Quantification of HEV RNA was carried out using a commercial One-Step RT-qPCR kit (Promega, Madison, WI, USA) with a previously established in-house method [40]. To quantify the HEV RNA copy number in the sample, serial dilutions of capped HEV RNA (109 to 101 copies) were constructed and used as the standard for quantification of viral genome copy number [31]. The final viral copy number in fecal sample and tissues was adjusted to copies/g, and bile and urine samples to copies/mL.

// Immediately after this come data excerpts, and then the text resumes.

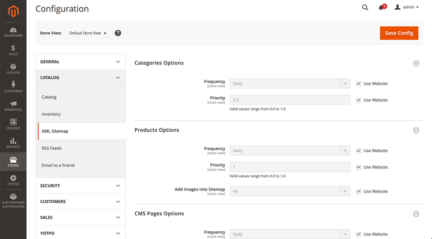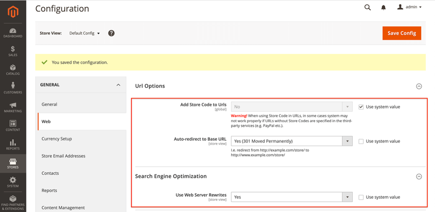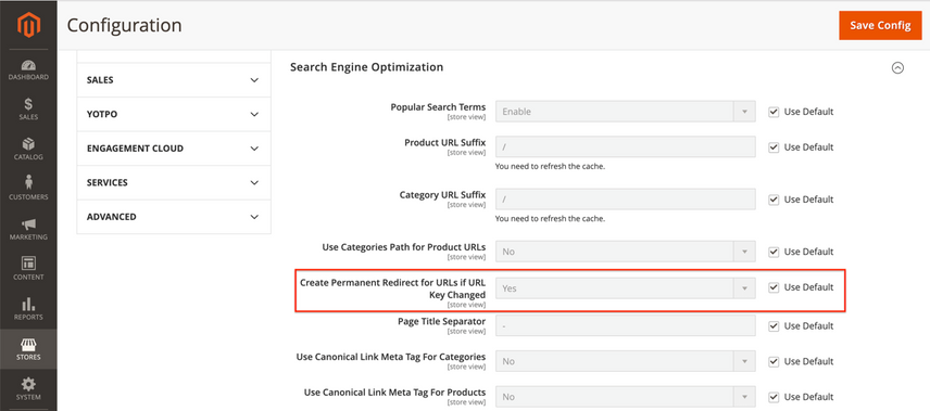 Auto-redirect to Base URLenables you to automatically redirect visitors and search engines when they request your store without the subdomain (e.g. whenhttps://www.example.comis requested, clients are forwarded tohttps://example.com), or vice versa. While this is a great feature, by default it’s configured to use a temporary 302 redirect instead of a 301 redirect. Change this value toYes (301 Moved Permanently)to make sure link authority from incorrectly placed links is passed on as much as possible to the right URL. - Under Search Engine Optimization you’ll find the field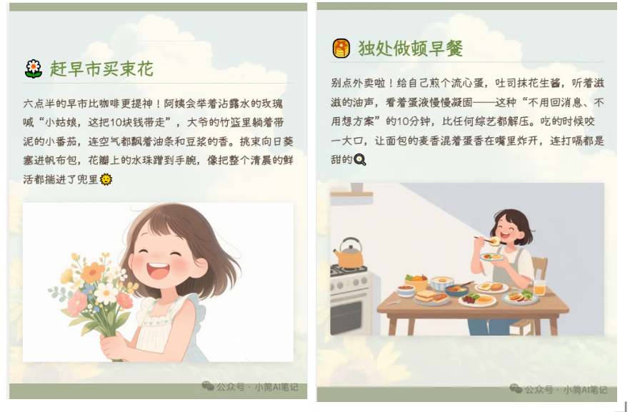 - 文案结构化拆分:将完整文案拆分,对应不同图文卡片的内容;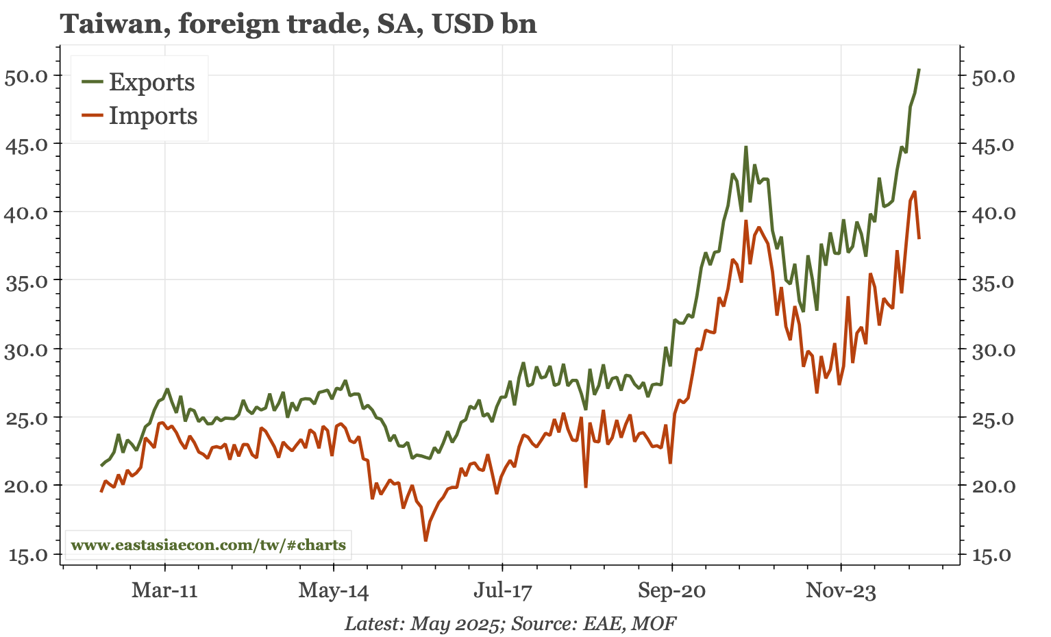 Taiwan – exports still going straight up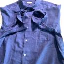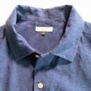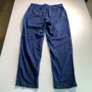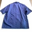 ネイビーの麻混合、半袖シャツとパンツのセット、XLサイズ、胸ポケット付き。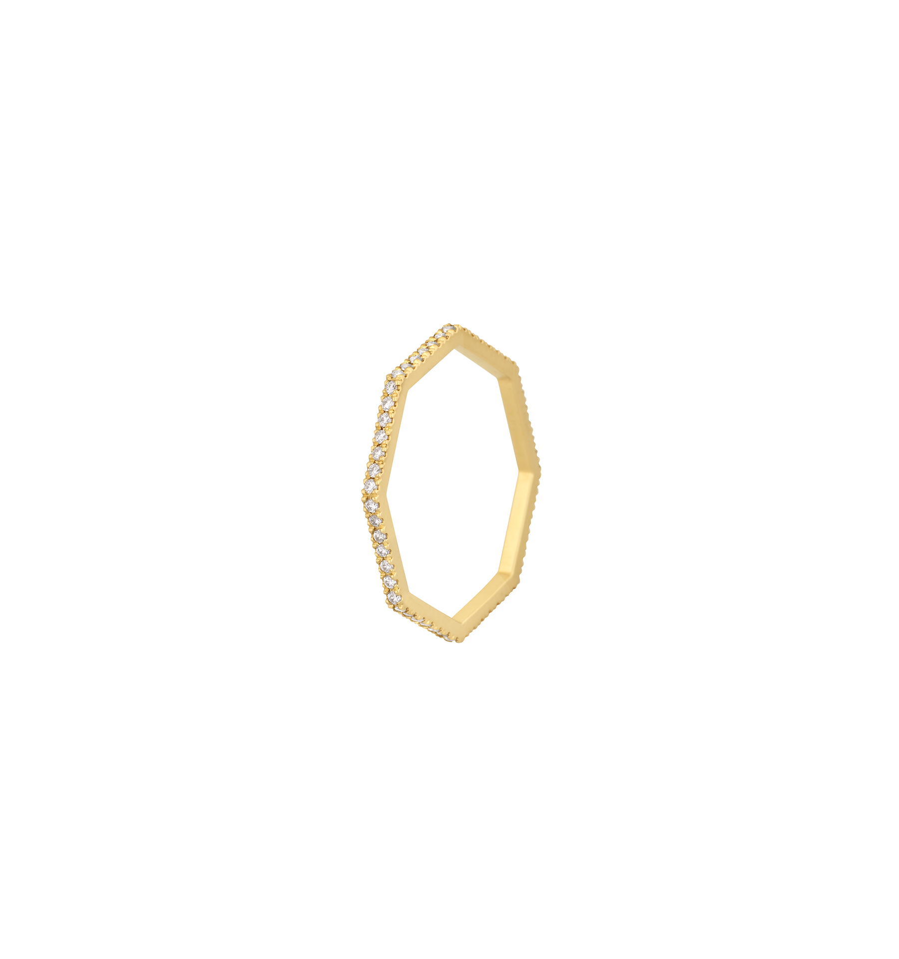 Crafted in polished gold and set with fine diamonds, this octagonal ring catches the light from every angle. Bold enough to wear alone, refined enough to stack — a modern classic with quiet glamour.
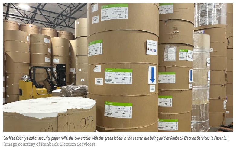 Paper weight: Ten tons of paper are sitting in a warehouse in Phoenix, the byproduct of efforts by misguided Cochise County officials who were convinced the 2022 election was stolen, Votebeat Arizona’s Jen Fifield reports. They wanted to test out security features like watermarks, but their planning was as ill-conceived as the endeavor itself. Now they’re trying to figure out what to do with all that paper.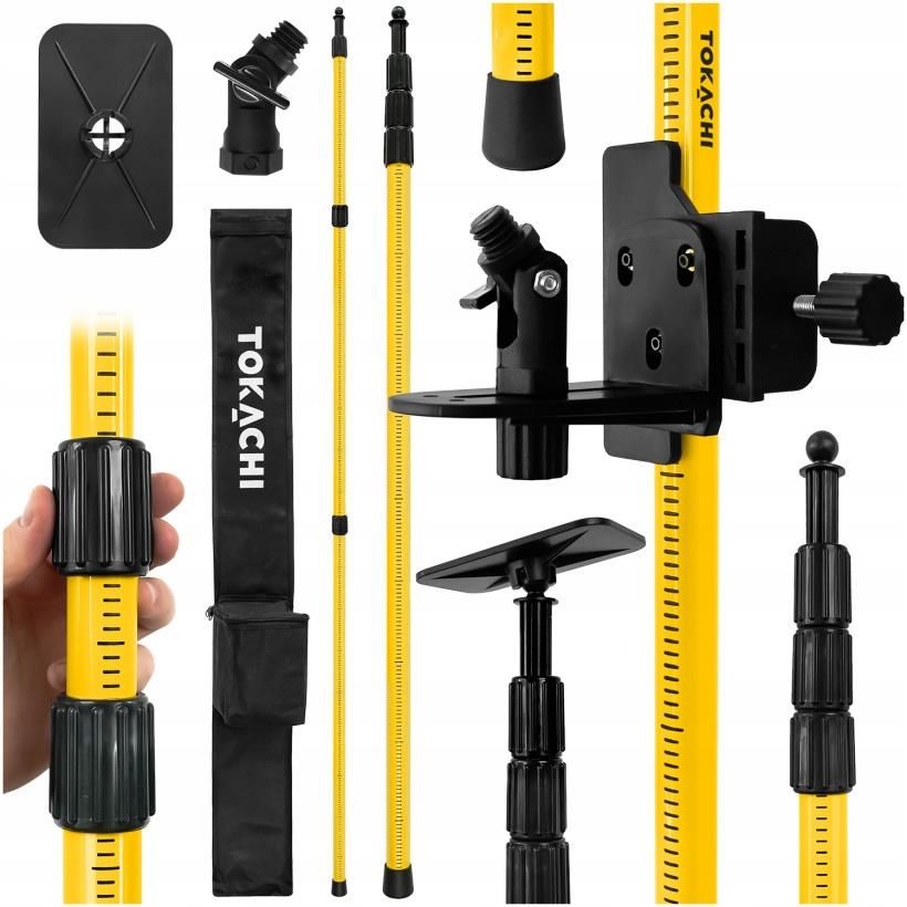 TYCZKA ROZPOROWA DO LASERA 3M DRĄŻEK POZIOMICY STATYW Z PODZIAŁKĄ + ADAPTER MAKSYMALNA PRECYZJA NA WYSOKOŚCIACH Statyw rozporowy | Tyczka | 285 cm | Nadrukowana podziałka | Adapter do skosów | Pokrowiec | Antypoślizgowy podnóżek | Teleskopowa konstrukcja | Gwint przyłączeniowy | Regulacja w poziomie | Platforma | Obrót 360° Tokachi QuickSet 285 Oferujemy statyw rozporowy o wysokości do 285 cm, który zapewnia niezbędne wsparcie dla Twojego lasera krzyżowego, poziomicy laserowej i innych przyrządów pomiarowych. Idealne rozwiązanie dla profesjonalistów i amatorów, którzy potrzebują precyzyjnego i elastycznego narzędzia do pomiarów w różnych warunkach. Co sprawia, że nasz statyw jest najlepszym wyborem? Teleskopowa regulacja – łatwe dostosowanie wysokości aż od 10 cm do 285 cm. Podziałka centymetrowa – precyzyjne ustawienia wysokości. Kompletny zestaw – zawiera etui, adapter do skosów, platformę na laser, gwint 5/8 cala i zakończenie sufitowe. Stabilność i wytrzymałość – wykonanie i konstrukcja zapewniają stabilność w trakcie używania. Obrotowe pokrętło – umożliwia obrót platformy o 360°, zapewniając pełną elastyczność ustawienia. GRATIS: adapter do skosów Co zawiera zestaw? Tyczka: główny element zestawu, który oferuje regulację wysokości od 10 cm do 285 cm dzięki teleskopowej konstrukcji. Adapter do skosów: wszechstronny adapter, który umożliwia ustawienie statywu pod różnymi kątami. Idealny do precyzyjnych pomiarów w trudnych warunkach lub przy nietypowych projektach. Platforma na urządzenie pomiarowe: stabilna platforma, która zapewnia bezpieczne mocowanie urządzenia pomiarowego. Gwint przyłączeniowy 5/8 cala: standardowy gwint, który zapewnia kompatybilność z wieloma urządzeniami pomiarowymi i akcesoriami. Zakończenie sufitowe: umożliwia bezpieczne przytwierdzenie statywu do sufitu, idealny do zastosowań w pomieszczeniach o różnych wymaganiach i pod różnym kątem. Etui: wygodne etui do przechowywania i transportu statywu oraz wszystkich dołączonych akcesoriów. Dzięki naszemu zestawowi możesz być pewien, że masz wszystko, co potrzebne do profesjonalnych pomiarów i montażu, co zwiększa komfort i efektywność pracy. Trwałość i stabilność to podstawa! Jakie cechy zapewniają trwałość i stabilność statywu? Teleskopowa budowa: statyw posiada teleskopową konstrukcję, która umożliwia płynne i precyzyjne dostosowanie wysokości. Aluminium: wykonanie statywu z wysokiej jakości aluminium przekłada się na jegolekkość oraz wyjątkową trwałość. Jego wytrzymałość na odkształcenia i uszkodzenia mechaniczne zwiększa stabilność statywu, eliminując ryzyko przesunięć czy chwiania podczas pracy. Odkryj zalety naszego statywu ciesz się wyjątkową trwałością oraz stabilnością podczas każdej pracy! Precyzyjna regulacja wysokości Nasz statyw rozporowy wyróżnia się zaawansowaną teleskopową budową, która umożliwia dokładne dostosowanie wysokości statywu do Twoich potrzeb. Jak działa teleskopowa regulacja? Zakres wysokości: statyw może być regulowany w zakresie aż od 10 cm do 285 cm. Dzięki temu możesz precyzyjnie ustawić go na pożądanej wysokości, niezależnie od rozmiaru pomieszczenia i wymagań pomiarowych. Płynna regulacja: konstrukcja pozwala na łatwe i płynne dostosowanie wysokości. System teleskopowy składa się z kilku segmentów, które można rozszerzać i składać w celu uzyskania optymalnej wysokości bez potrzeby stosowania dodatkowych narzędzi. Stabilność i bezpieczeństwo: mimo regulacji, statyw zapewnia solidną stabilność na każdej wysokości, dzięki precyzyjnie wykonanym złączom i blokadom, eliminując ryzyko niepożądanych przesunięć czy wibracji. Obrót o 360° i pozioma regulacja Przy podstawie mocowania platformy znajduje się pokrętło, umożliwiające obrót urządzenia o 360° a także jego regulację w poziomie. Obrót o 360°: platforma umożliwia obrót wokół własnej osi o 360°, co pozwala na pełną elastyczność w ustawieniu lasera. Poziomaregulacja: zastosowaliśmy możliwość poziomej regulacji, co jest kluczowe dla uzyskania idealnych linii poziomych w różnych zadaniach, takich jak montaż sufitów, układanie płytek czy instalacje elektryczne. Adapter do skosów - precyzyjna regulacja kątów dla linii ukośnych Do zestawu dołączamyadapter do skosów (gwint 5/8"), który umożliwia wygodne i precyzyjne regulowanie kątów. Jak działa adapter do skosów? Regulacja kątów: adapter umożliwia precyzyjne ustawienie lasera pod różnymi kątami, co pozwala na wyznaczanie dokładnych linii ukośnych. Łatwe ustawienie: wystarczy przesunąć i zablokować adapter w odpowiedniej pozycji, aby uzyskać pożądany kąt. Nadrukowana podziałka Nasza tyczkę wyposażyliśmy w nadrukowaną podziałkę centymetrową, która znacząco ułatwia precyzyjne ustawienie wysokości i pomiarów. Korzyści z zastosowania podziałki Dokładny pomiar: podziałka centymetrowa umieszczona jest wzdłuż teleskopowej części statywu, co pozwala na szybkie i łatwe odczytywanie wysokości ustawienia. Ustalenie optymalnej wysokości: eliminujesz potrzebę użycia dodatkowych narzędzi pomiarowych. Wygodne odliczanie: oznaczenia na podziałce są rozmieszczone co 1 cm, co umożliwia bardzo precyzyjne dostosowanie wysokości statywu. Pierwszy moduł ma możliwość blokady w przedziale 0-87,5 cm.* Drugi moduł 0-87 cm. Trzeci, ostatni moduł można zablokować w przedziale 0-84,5 cm. *mierzone od elementów złączeniowych Dane techniczne Nazwa: TOKACHI QuickSet 285 Zakres pracy: 10 - 285 cm Materiał wykonania: aluminium Rozmiar gwintu przyłączeniowego: 5/8" Średnica: 3 cm Podziałka [cm]: TAK Możliwość obrotu 360°: TAK Zakończenie sufitowe: TAK Platforma: TAK Antypoślizgowy podnóżek: TAK Etui w zestawie: TAK GRATIS: adapter do skosów❗️ Zawartość zestawu Statyw rozporowy QuickSet 285 Instrukcj

4.5. Phylogenetic Analysis

Nucleotide sequences were assembled and analyzed using MEGA 6.0 [41]. Phylogenetic trees of the six partial HEV-3ra sequences were constructed by the neighbor-joining method and evaluated by the interior branch test method with the aid of the MEGA 6.0 software. One thousand re-samplings of the data were used to calculate the percentage of trees containing each branch. Bootstrap values less than 70% were not shown. All the reference sequences were retrieved from GenBank.

4.6. Histopathological Assays

The rabbits’ liver tissues were fixed in 10% neutral buffered formalin and were subsequently embedded in paraffin. Specimens were cut into 4 μm sections. Slides were stained with HE and subjected to histopathological examination [38].

5. Conclusions

We demonstrated that past or recent HEV infection existed in laboratory rabbits in Beijing, China, and the results strongly suggested that HEV is widespread in this special animal population. Researchers engage in, not only HEV study, but also other pathogens should be aware of the influence of pre-existing HEV infection on other pathogens infection. Further study should address this issue and the risk of HEV infection in research personnel should be investigated.